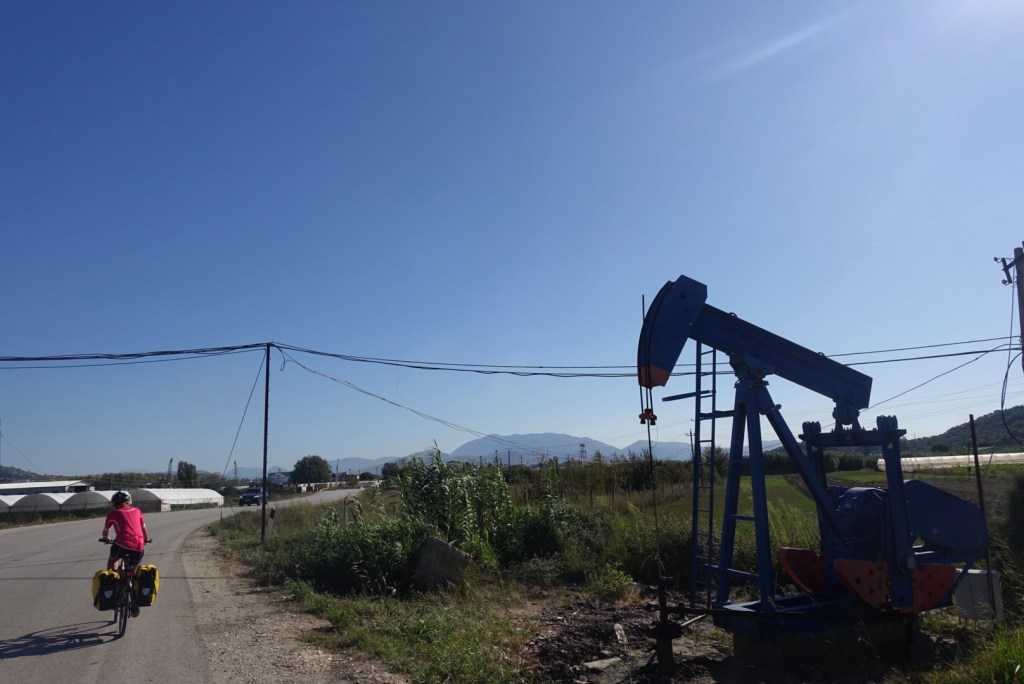 Het laatste deel van de etappe is nog heel bijzonder. Eerst door een voormalig aardolie-wingebied dat vol staat met oude ja-knikkers en boortorens. Je ruikt de olie overal. Het gebied is ook nog eens dicht bevolkt. Waar leven die mensen nu van?
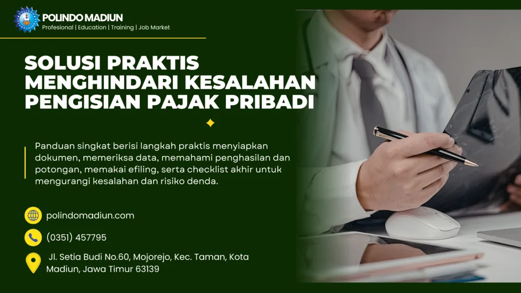 Ikuti kursus intensif pengisian SPT Badan di Polindo Training Center untuk mempelajari solusi praktis menghindari kesalahan pengisian SPT yang sering
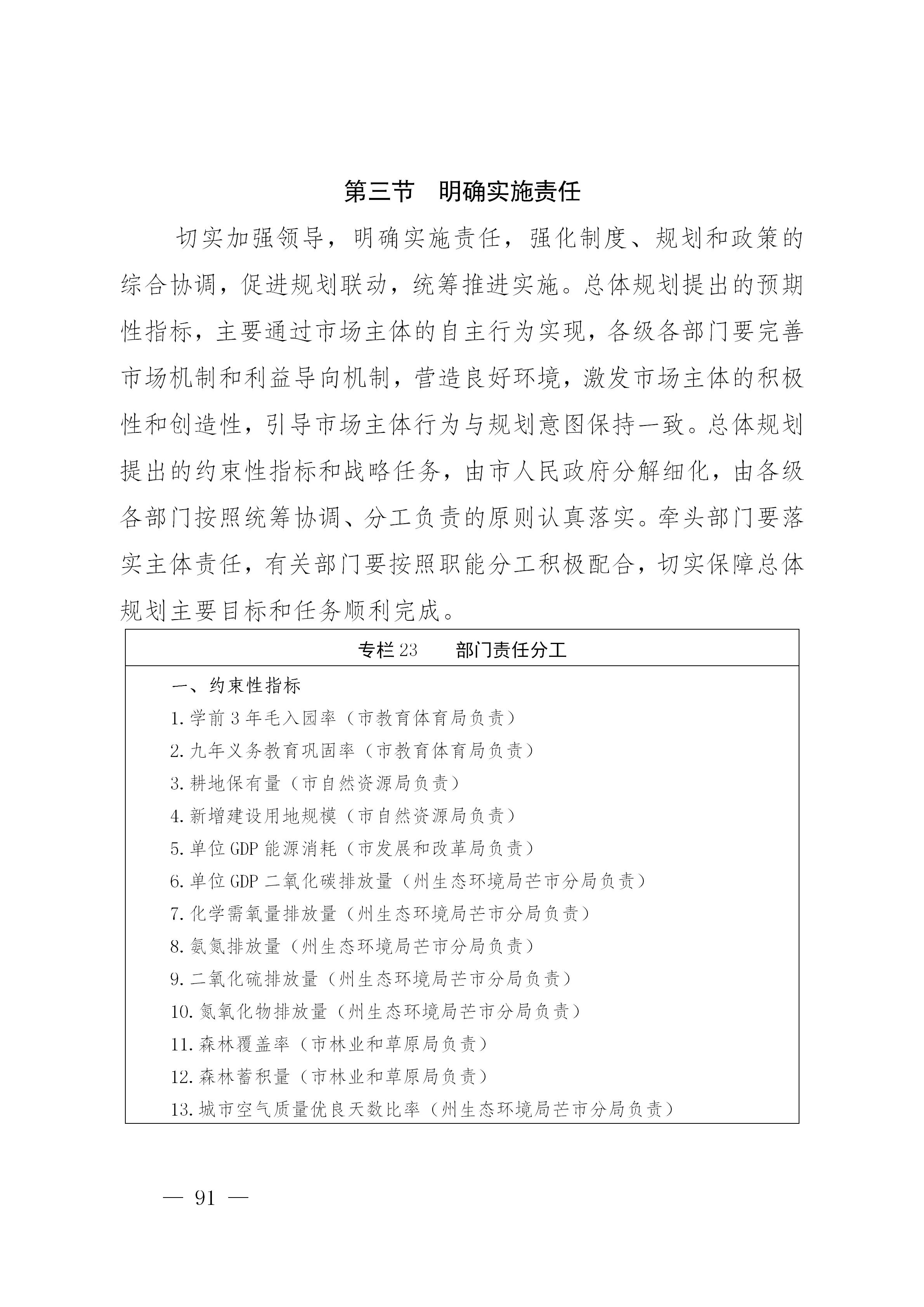 完善规划实施责任分工和落实体系,加强规划实施的组织领导,把“规划图”“路线图”落实为“施工图”“作战图”,确保责任到位、措施到位、投入到位。市委督查室、市政府督查室对总体规划分解立项、挂图作战,明确处级领导挂钩责任。处级领导对联系挂钩的主要目标和主要任务,以及重大工程和重大项目完成情况负领导和协调责任,对工作推进中出现的问题,实行问题清单动态管理。各级领导要始终保持敢闯敢干、永不懈怠的精神状态,干字当头,真抓实干、埋头苦干。严格执行工作责任制,特别是对重点任务、重大项目、重大工程、重大改革、重大政策,明确各方责任,层层传导压力,确保不折不扣落实到位。建立完善督查机制,强化督查问责,严厉整肃庸政懒政怠政行为。坚持激励与约束并重,按照“三个区分开来”的要求,落实好干部容错纠错保护激励机制,激励干部主动担当、积极作为,以实干促进发展,以实干赢得未来。
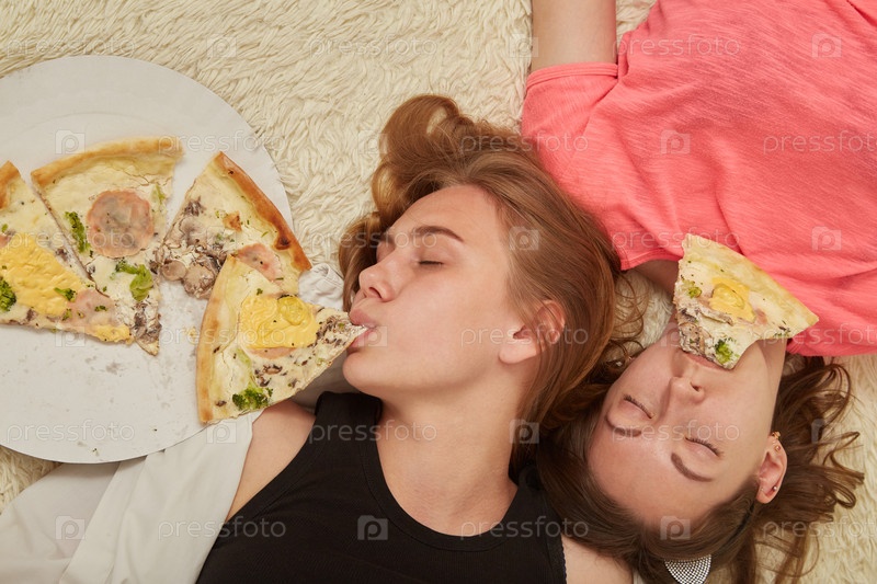 Девушки едят пиццу
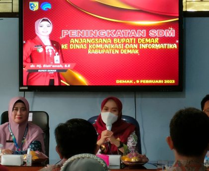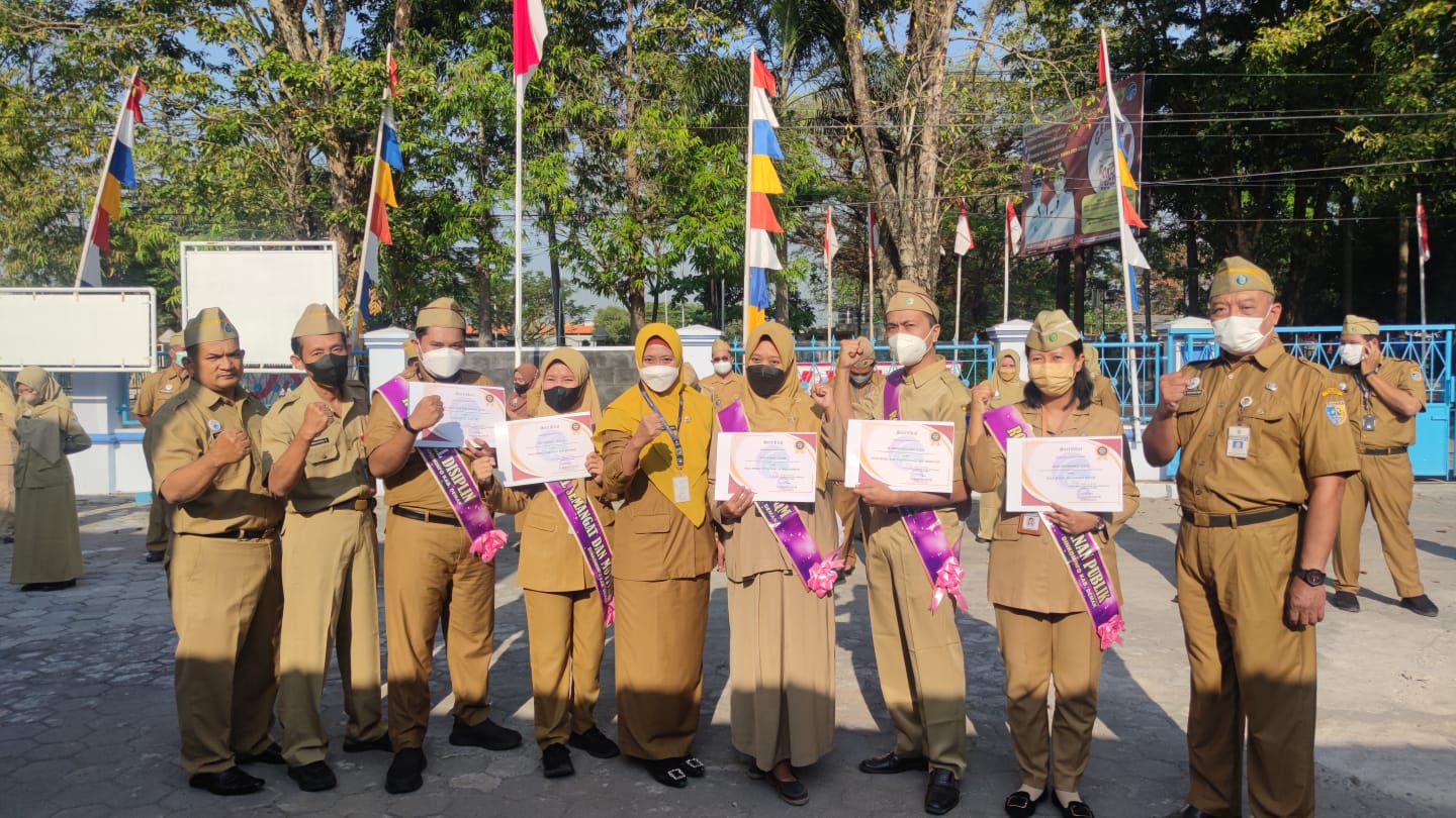 Demak – Lima pegawai Dinkominfo Demak di nobatkan sebagai Role Model budaya kerja tahun 2022. Sebelumnya telah dilakukan voting untuk menentukan Role model pada pekan lalu. Penobatan ke lima role model terpilih ditandai pengalungan slempang dan pemberian piagam penghargaan oleh kepala dinas Kominfo Endah Cahya Rini di halaman kantor Dinkominfo saat apel pagi, Senin (1/8/22).
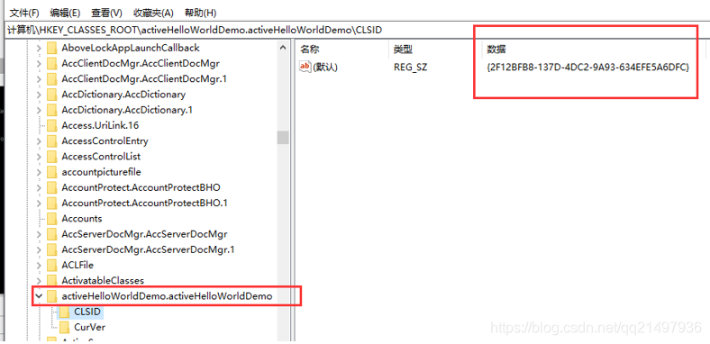 查看一下,打开注册表并搜索一下,确认clsid,如下图:

◇ ◇ ◇

- [ASSIGNMENT]
Pictures don't belong in the copy. Transcribe every record exactly as it appears.

- [SOLUTION TO THE EXERCISE]
 Het laatste deel van de etappe is nog heel bijzonder. Eerst door een voormalig aardolie-wingebied dat vol staat met oude ja-knikkers en boortorens. Je ruikt de olie overal. Het gebied is ook nog eens dicht bevolkt. Waar leven die mensen nu van?
 Ikuti kursus intensif pengisian SPT Badan di Polindo Training Center untuk mempelajari solusi praktis menghindari kesalahan pengisian SPT yang sering
 完善规划实施责任分工和落实体系,加强规划实施的组织领导,把“规划图”“路线图”落实为“施工图”“作战图”,确保责任到位、措施到位、投入到位。市委督查室、市政府督查室对总体规划分解立项、挂图作战,明确处级领导挂钩责任。处级领导对联系挂钩的主要目标和主要任务,以及重大工程和重大项目完成情况负领导和协调责任,对工作推进中出现的问题,实行问题清单动态管理。各级领导要始终保持敢闯敢干、永不懈怠的精神状态,干字当头,真抓实干、埋头苦干。严格执行工作责任制,特别是对重点任务、重大项目、重大工程、重大改革、重大政策,明确各方责任,层层传导压力,确保不折不扣落实到位。建立完善督查机制,强化督查问责,严厉整肃庸政懒政怠政行为。坚持激励与约束并重,按照“三个区分开来”的要求,落实好干部容错纠错保护激励机制,激励干部主动担当、积极作为,以实干促进发展,以实干赢得未来。
 Девушки едят пиццу
 Demak – Lima pegawai Dinkominfo Demak di nobatkan sebagai Role Model budaya kerja tahun 2022. Sebelumnya telah dilakukan voting untuk menentukan Role model pada pekan lalu. Penobatan ke lima role model terpilih ditandai pengalungan slempang dan pemberian piagam penghargaan oleh kepala dinas Kominfo Endah Cahya Rini di halaman kantor Dinkominfo saat apel pagi, Senin (1/8/22).
 查看一下,打开注册表并搜索一下,确认clsid,如下图:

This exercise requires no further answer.